Shyamalan’s doubts about the value of his work as an entertainer should be put to rest, since it is precisely through the medium of popular, crowd-pleasing lowbrow art that the psyche of our civilization is processing the great themes of our time. They come up, like dreams, all by themselves, and weave themselves as messages into even the silliest works of entertainment. That The Village failed to please a mass audience may have something to do with the complexity of its message: return to a spiritually archaic consciousness, or continue with a soulless, empty and pointless existence within our megalopolises? Nobody wants to mull these things over consciously; they would rather have our artists and filmmakers take care of that for them, even if they too are mostly unconscious of what they are doing.
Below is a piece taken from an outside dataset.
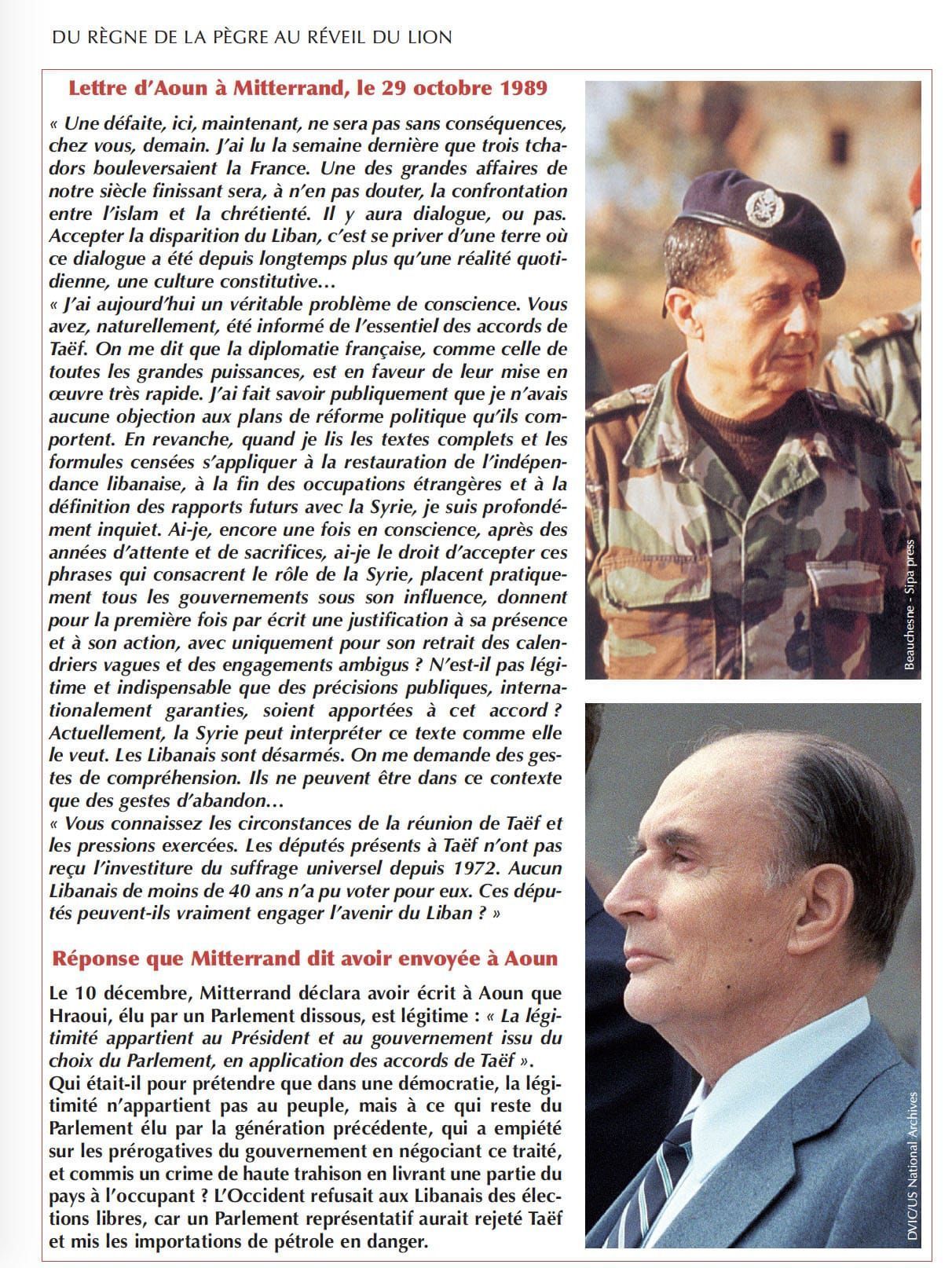 Réponse que Mitterrand dit avoir envoyée à Aoun

Since these are the kinds of questions that Shyamalan raises in his film, I fail to see how this is supposed to be a trivial work, as critics have maintained. This is a thoughtful film, carefully crafted and multi-layered. Perhaps the critics should go see it again, or else pick up a few books and learn something about the history of human consciousness. It is Shyamalan’s best work so far, and promises more to come. Unless, that is, he becomes so discouraged by the reviews that he decides–as I’m guessing he probably will–to remake The Sixth Sense or Signs in order to keep the money flowing.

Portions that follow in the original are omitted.